Dass Margot Kleinberger nicht nach Auschwitz deportiert und dort noch im Waggon vergast wurde, verdankte sie einem Zufall: Der Soldat, der 1944 in Theresienstadt über das weitere Schicksal ihrer Familie entschied, hatte mit ihrem Vater im Ersten Weltkrieg gekämpft. Er ließ ihre Namen in die kurze Liste derer eintragen, die nicht abtransportiert wurden – während die Zettel mit den Namen der zu Ermordenden einen großen Sack füllten.
Am 8. Mai 1945 wurde Theresienstadt befreit. Weil die Rotarmisten dort damals Tee und Graupensuppe verteilten ("Das erste richtige Essen nach drei Jahren"), "gibt es bei uns noch heute jedes Jahr am 8. Mai Graupensuppe", sagt die KZ-Überlebende.
So sehr es sie fordert, von den Gräueln des Lagers zu sprechen, so scheint Margot Kleinberger auch der Konfrontation doch auch Kraft zu ziehen – zumal sie bis in die frühen 80er Jahre hinein darüber geschwiegen hatte. "Ich habe mich geschämt, so 'runtergekommen zu sein", sagt die Mutter von sechs Kindern. Und, was sie lange erzürnte: "Niemand von den Überlebenden ist je wieder richtig hochgekommen. Aber die Nazis blieben auf ihren Posten." Sie findet: "Es hätte eine große Revolution geben sollen."
Als Margot Kleinberger nach ihrem Vortrag kurz die Schautafeln der Ausstellung im Foyer betrachtet, stellt sie immer wieder Parallelen zum eigenen Leben fest: "Der Junge war genauso alt wie ich", sagt sie beim Blick auf das Zeugnis eines grausam zerstörten, jungen Lebens. Und findet: "Eigentlich hätte ich gar nichts zu erzählen brauchen." Die Schau sage doch alles. Das dürften die Zuhörer an diesem Abend anders empfunden haben. Denn so viel Kraft es Margot Kleinberger auch kosten mag, die schmerzhaften Erinnerungen immer wieder hervorzuholen, so eindrucksvoll sind doch die Schilderungen der Überlebenden für Menschen, die das Erlebte sonst nur aus dem Geschichtsunterricht kennen.
Ihre Erinnerungen und die vom "Arbeitskreis 27. Januar" ins Rathaus geholte Ausstellung mit Kinderbildern, -gedichten und Texten führen das Grauen, das manche Alte noch immer und Jüngere schon wieder leugnen, vor Augen – auch wenn das Erlittene die Vorstellungskraft sprengt. "Wir dürfen nicht vergessen, dass so etwas in unserem Land passieren konnte", mahnte Vize-Bürgermeister Udo Nacke zur Begrüßung.
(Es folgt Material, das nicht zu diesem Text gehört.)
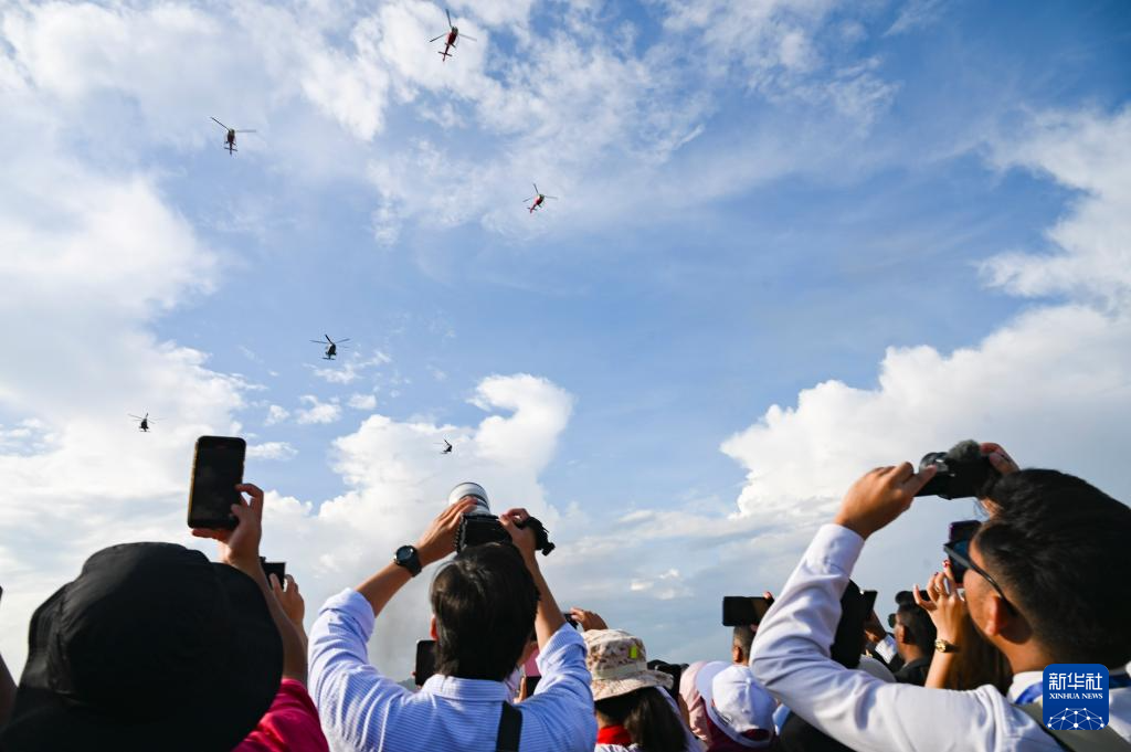 5月20日,在马来西亚兰卡威,观众拍摄飞行表演。
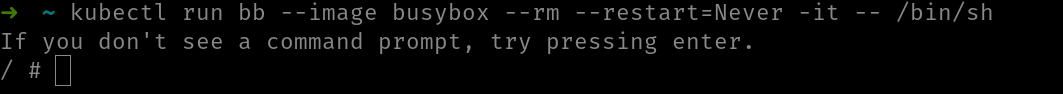 kubectl run bb --image busybox --rm --restart=Never -it -- /bin/sh
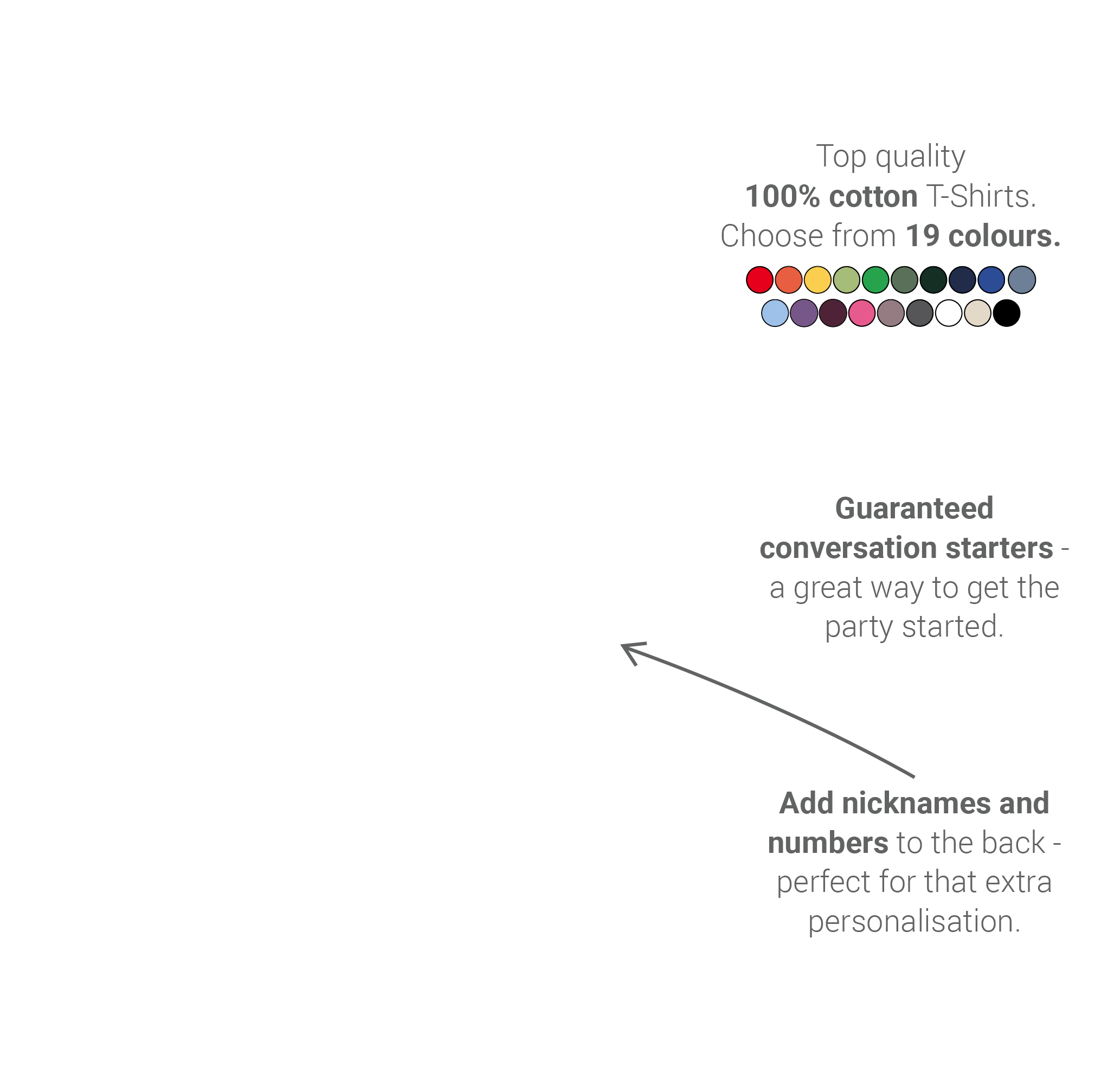 Please note: We don't need all details to be perfect at this stage. Before your order is printed we will send proofs for you to approve and allow you to make final alterations to sizes, colours, names and numbers. We’ll also allow you to add or remove t-shirts as required. We expect to send you a proof within 24 hours and print to take 48 hours once we have your approval.
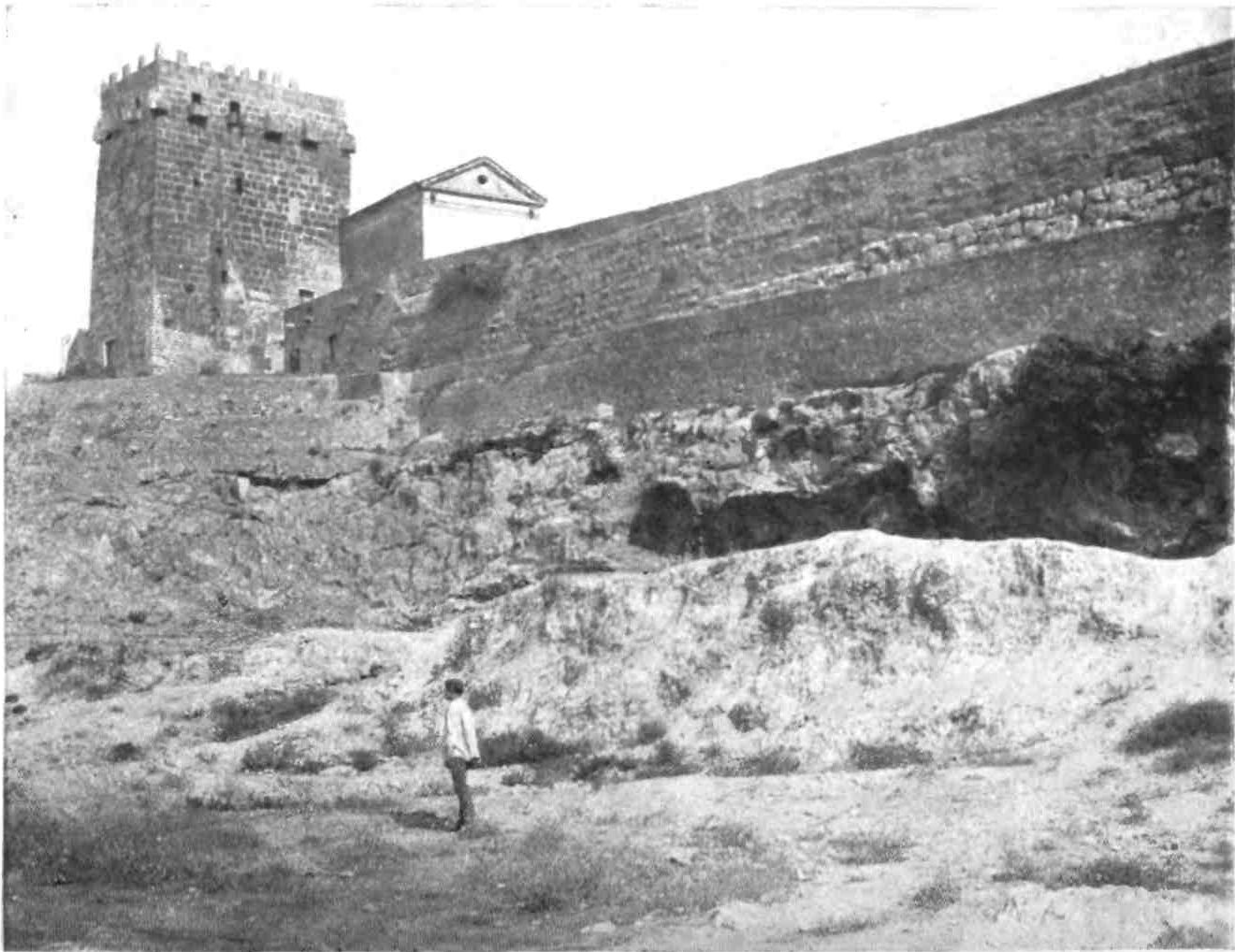 These edifices apart, the Middle Ages have done little for Tarraco togata. Its remaining monuments belong to its infancy and prime. The Cyclopean walls, now declared a national monument, extend from near the Puerta del Rosario to the crest of the hill on which the city stands, and thence to the eastern angle of the ancient prætorium, now converted into a prison. The base of this wall is formed by huge blocks of unhewn stones, uncemented, and with their interstices filled by smaller stones. The character of the work bespeaks the primitive nature of the builders. On this rude foundation rests the more regular work of the Roman conquerors. The enceinte formed by these walls is of the shape of an irregular polygon, measuring three-quarters of a mile across, and open on one side. The angles are defended by square towers, and the curtains are pierced by gates, to some of which the name “Puerta ciclopea” is given. The{60} Puerta del Rosario, called in the Middle Ages “Portal de Predicadors,” is about eight yards thick and is roofed by an enormous block of stone about 36,000 kilogrammes in weight. On the stones composing the Roman part of the wall, Iberian letters are traced. These were merely masons’ marks for the guidance of the native workmen, and form no words. The Torre del Arzobispo was raised in Christian times on the old Roman tower. The wall extending to the Torre del Capiscol is attributed to the Scipios, and dates in any case from their time. The principal Roman gate, called the Puerta del Socarro, is a noble work formed by three concentric arches. Passing through this we obtain a fine view of the strip of wall built by order of Hadrian, and may re-enter the city by the eighteenth-century gate of San Antonio, which pierced a wall built or restored by Norman adventurers in the twelfth century.
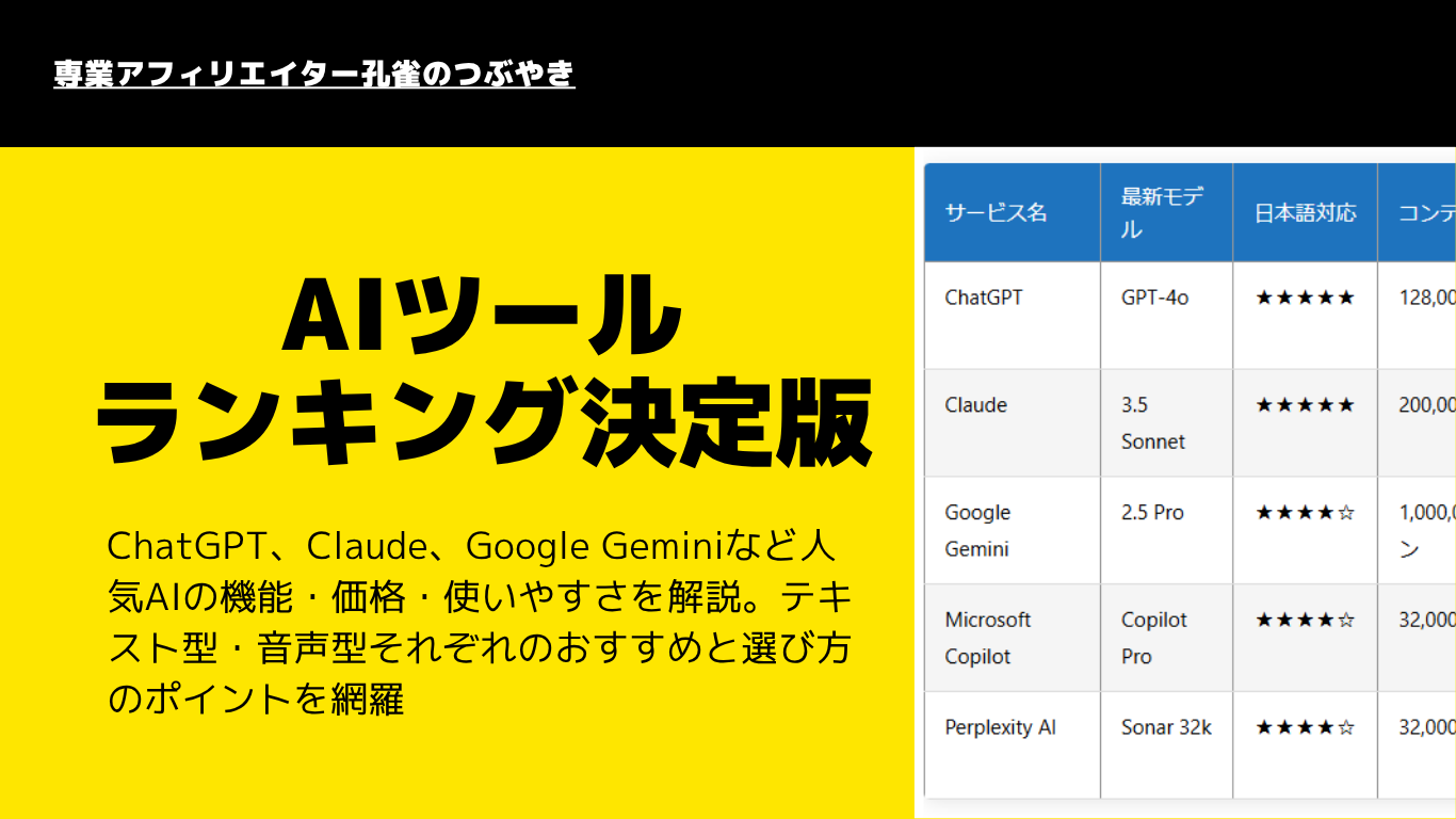※本ページはプロモーションが含まれていますブログ内検索 【2025年最新】AIツールランキング決定版!機能・価格・使いやすさを徹底比較 2025年10月9日 Twitter Share Pocket Hatena LINE URLコピー Twitter Share Pocket Hatena LINE URLコピーこの記事を書いた人 孔雀2004年にアフィリ業界に参入。 2017年から脱サラし、専業アフィリエイターに転職。 ほぼ独学でSEO、マーケティングを学び、2018年6月にアフィリエイトのみで月収50万円を達成。 誰にも縛られない自由な生活を求めて日々精進中。 最終目標は、何もせずに収入が入ってくる不労所得を作り出すこと。 -
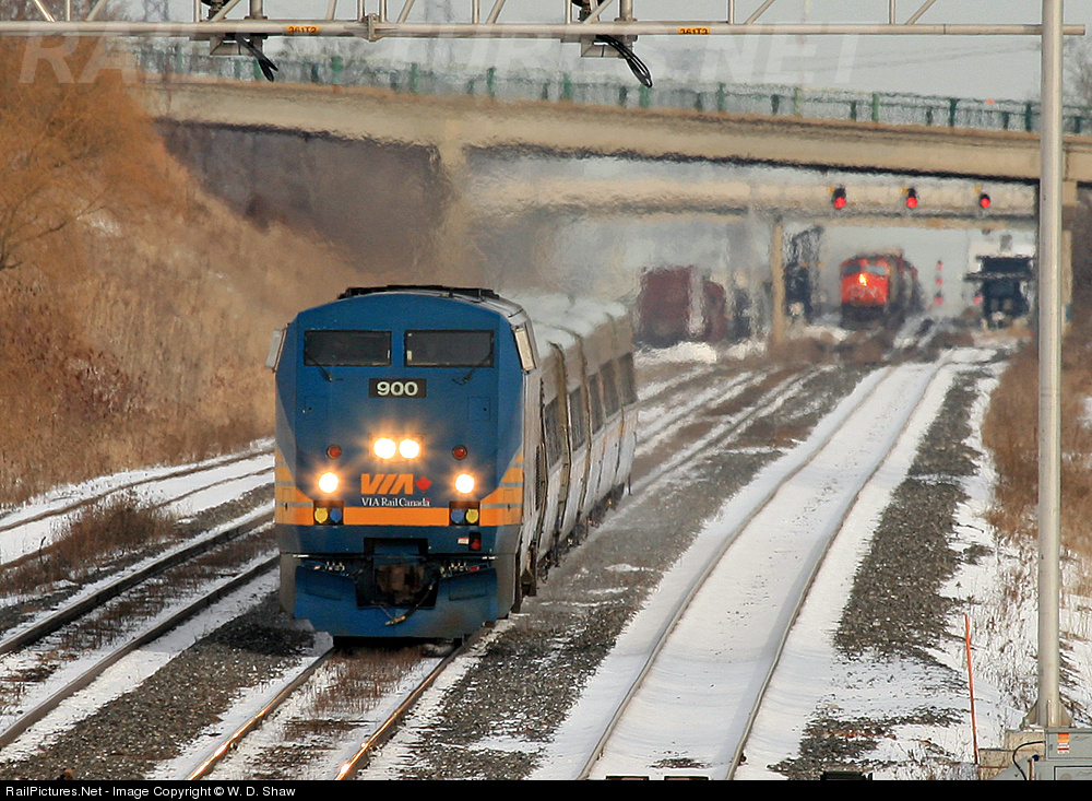 | CN 385 waits in the background framed by the inclined spans of the Lemonville Road and Waterdown Road bridges (which climb out of the bed of prehistoric Lake Iroquois and up the beginnings of the Niagara Escarpment) while VIA 73 passes the signals protecting the plant at Snake. |

Bildunterschrift: Mit Klaus Titze vom "Arbeitskreis 27. Januar" betrachtet Margit Kleinberger den Lageplan von Theresienstadt.
Bildunterschrift: "Wenn Menschen fanatisiert werden, sind sie zu allem fähig." – Margot Kleinberger im Gespräch mit Konfirmanden aus Lügde.
Bildunterschrift: Bis zum 23. Januar ist die Ausstellung "Zerrissen – Kinder als Opfer des Nationalsozialismus" im Pyrmonter Rathaus zu sehen.